Entró. Era un restorán que se dividía en dos partes: Uno totalmente lujoso en donde los comensales eran monstruosamente obesos, pero perfectamente vestidos, no paraban de comer aunque la comida se les salía de la boca. La otra parte era gente en los huesos que vestía trapos y comía con la mano una especie de macedonia asquerosa de muy mal olor. Aquellas personas lo miraban con cierta ternura y los otros con desprecio.

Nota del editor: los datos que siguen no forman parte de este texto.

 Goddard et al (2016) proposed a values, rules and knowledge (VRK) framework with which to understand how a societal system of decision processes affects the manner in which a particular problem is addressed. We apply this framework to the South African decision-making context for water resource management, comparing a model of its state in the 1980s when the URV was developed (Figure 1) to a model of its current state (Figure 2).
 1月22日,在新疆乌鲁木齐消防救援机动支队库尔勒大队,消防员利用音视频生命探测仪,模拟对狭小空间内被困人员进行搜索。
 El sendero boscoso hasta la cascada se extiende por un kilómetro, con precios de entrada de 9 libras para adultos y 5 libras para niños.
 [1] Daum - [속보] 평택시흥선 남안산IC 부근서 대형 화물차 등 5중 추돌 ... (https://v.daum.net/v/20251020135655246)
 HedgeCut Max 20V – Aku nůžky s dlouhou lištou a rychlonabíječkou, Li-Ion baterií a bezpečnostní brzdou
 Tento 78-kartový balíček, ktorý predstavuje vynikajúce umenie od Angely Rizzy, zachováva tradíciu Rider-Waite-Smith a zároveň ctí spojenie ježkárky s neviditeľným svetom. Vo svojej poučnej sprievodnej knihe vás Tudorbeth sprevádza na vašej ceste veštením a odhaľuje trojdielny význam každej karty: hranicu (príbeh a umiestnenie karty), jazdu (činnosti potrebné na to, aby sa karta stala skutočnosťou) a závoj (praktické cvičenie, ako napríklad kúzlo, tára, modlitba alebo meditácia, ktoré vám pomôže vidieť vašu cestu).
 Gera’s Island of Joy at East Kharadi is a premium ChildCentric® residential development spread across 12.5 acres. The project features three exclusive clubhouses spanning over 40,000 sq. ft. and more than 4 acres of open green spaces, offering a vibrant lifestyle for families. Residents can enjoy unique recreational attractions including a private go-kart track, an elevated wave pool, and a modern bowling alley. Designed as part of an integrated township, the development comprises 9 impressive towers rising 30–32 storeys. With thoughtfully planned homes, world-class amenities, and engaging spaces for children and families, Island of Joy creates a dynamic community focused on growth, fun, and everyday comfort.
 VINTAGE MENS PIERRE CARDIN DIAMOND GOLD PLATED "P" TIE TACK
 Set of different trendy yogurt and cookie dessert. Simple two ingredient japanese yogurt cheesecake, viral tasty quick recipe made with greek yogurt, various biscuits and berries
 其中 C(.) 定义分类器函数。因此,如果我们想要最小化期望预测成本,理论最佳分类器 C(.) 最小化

-Salga por allá mijito, que le vaya bien -le dijo una tierna anciana indicándole la puerta que va a la cocina

Entro por aquella puerta y salió nuevamente al pasillo pero esta vez solo había una puerta en el fondo. Corrió hacia ella intentó abrirla y no pudo, la golpeo, la pateó, se lanzo contra ella y nada.
Sintió nuevamente la presencia a su espalda, era la pequeña joven, le beso la cara con ternura y le dijo

-¿No querías fuego? Y se empezó a reír satánicamente de él. Comenzó a escucharse el tema Venus in Furs de Velvet Underground. Las puertas nuevamente aparecieron y se abrieron de golpe, de ellas salió un gentío enorme, los que vestían de gris en el bar, los jóvenes caníbales con sus manos llenas de sangre de Tiffany, la anciana pianista, los mendigos del restaurant y los monstruosos obesos, todos caminaban hacia él con un encendedor en las manos con la llama al máximo, el estaba acorralado en la esquina y su muerte era inevitable, ellos estaban a menos de un metro de él y comenzaron a prender sus ropas. El sentía como el fuego quemaba su ropa, su pelo y su carne, no tenía salida. Solo atino a cerrar sus ojos.